3.2. Temperature-induced mesophase changes

Samples were illuminated ex situ and later temperature-controlled measurements were performed using the Linkam stage. Two capillaries were filled from the same stock solution and both were illuminated with 365 nm light for 5 min for tans–cis isomerization. Afterwards, one capillary was illuminated with 455 nm to transform back to the trans state. The cis isomer was measured first, followed by the thermally stable trans form. The temperature was increased from room temperature (25°C) in steps up to 55°C at a heating rate of 10°C min⁻¹. After reaching the desired temperature, a 10 min waiting time was introduced before starting each SAXS measurement. These temperature-dependent measurements were carried out for mixtures of 10 and 20% 1 and pure DPPC, and the data are presented in Fig. 3(a). The observed Bragg peak shifts and calculated lamellar d-spacing for pure DPPC are in good agreement with other studies of multilamellar DPPC vesicles (Almeida et al., 2018), except for the rippled phase expected at 37°C, which was absent. The reason for not observing the rippled phase for pure DPPC could be due to a temperature offset between the set temperature and the sample temperature (typically between 0.5 and 1°C) or due to not waiting long enough to allow the formation of the rippled phase.

Figure 3 (a) SAXS data at different temperatures for mixed DPPC and 1 structures with proportion of 0, 10 and 20% 1. The curves are shifted vertically and on the left the data from pure DPPC vesicles are shown. In the middle and right, respectively, the 10 and 20% mixtures of DPPC and 1 for both the trans (blue) and the cis states (red) are illustrated. The fitted d-spacing parameters and mesophases are summarized in (b) and complementary DSC data are shown in (c) for pure DPPC and mixtures of 10 and 20% 1 in the trans (blue) and cis states (red).

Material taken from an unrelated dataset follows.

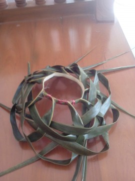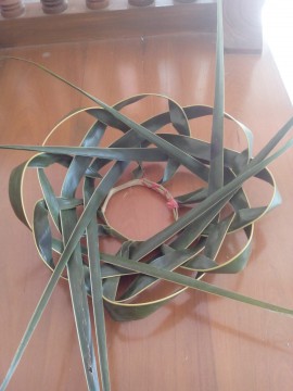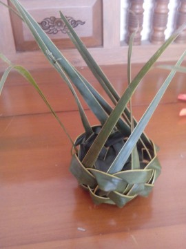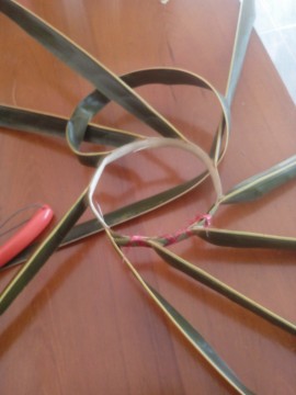 วาง วงใบมะพร้าว ที่เตรียมไว้ โดยเอาก้านใบ ขึ้นด้านบน อย่างที่เห็นนี่

Comparing the heating series for the trans and cis isomers of 10% 1, the mesophases are identical for both isomers at temperatures higher than 37°C [see Fig. 3(a)]. A clear difference between the lamellar (trans) and Pn3m (cis) phase was only observed at room temperature. The fitted structures and d-spacings match the in situ measurements in Fig. 2(a). At 37°C, we found a Pn3m structure for both isomers, trans and cis, with a slightly decreased d-spacing of 11.1 ± 0.7 and 10.6 ± 1.0 nm [see Table 1 and Fig. 3(b)]. When the temperature was increased above the main phase transition to 45 and 55°C, a transition back to the lamellar phase occurred with lamellar d-spacings of 6.64 ± 0.03 and 6.62 ± 0.03 nm, respectively, for the trans isomer. This back transition could be attributed to the higher flexibility of the tails in the liquid crystalline phase, causing the tail length to appear shorter, which results in an increased CPP value.

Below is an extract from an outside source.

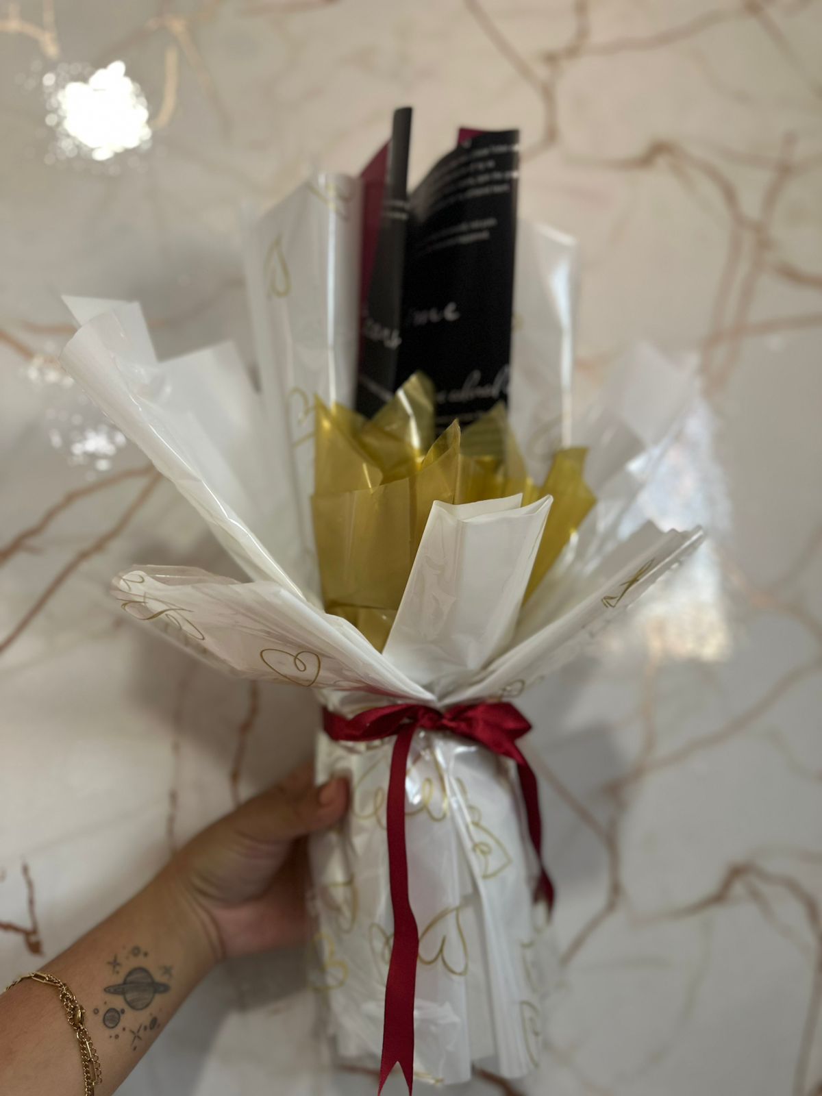EMBALAGENS FLORAL BRANCA/DOURADO COM FUNDO PRETO

Analogue transitions were observed for 20% 1 in trans and cis [see Figs. 3(a) and 3(b)]. In contrast to the trans isomer, the cis isomer only shows two phase transitions as the Pn3m structure is already present at room temperature. Complementary DSC measurements showed three phase transitions for 10 and 20% 1 [see Fig. 3(c)], supporting the phase transitions observed in the SAXS data. For 20%, the pre-transition peak at 33.1 ± 0.3°C, belonging to the DPPC molecules, was hardly observable with an enthalpy of only 0.5 ± 0.1 kJ mol⁻¹. A decrease in the enthalpy is typically found for mixed systems with increasing proportions of the second compound, as shown by Almeida et al. (2018) for mixed DPPC and cholesterol vesicles. Generally, a reduction in the enthalpy for each phase transition, a shift towards lower temperatures and an emerging additional phase transition peak at around 45.5°C were found on increasing the proportion of 1 [see Fig. 3(c)]. Meanwhile, the difference between the trans and cis phase transition temperatures is negligibly small and within the measurement error for the phase transitions at 41.3 ± 0.3 and 45.5 ± 0.3°C. The shift of 0.3°C between the pre-phase transition temperatures 33.7 ± 0.3°C and 44.0 ± 0.3°C for 10% 1 in trans and cis, respectively, is close to the measurement accuracy.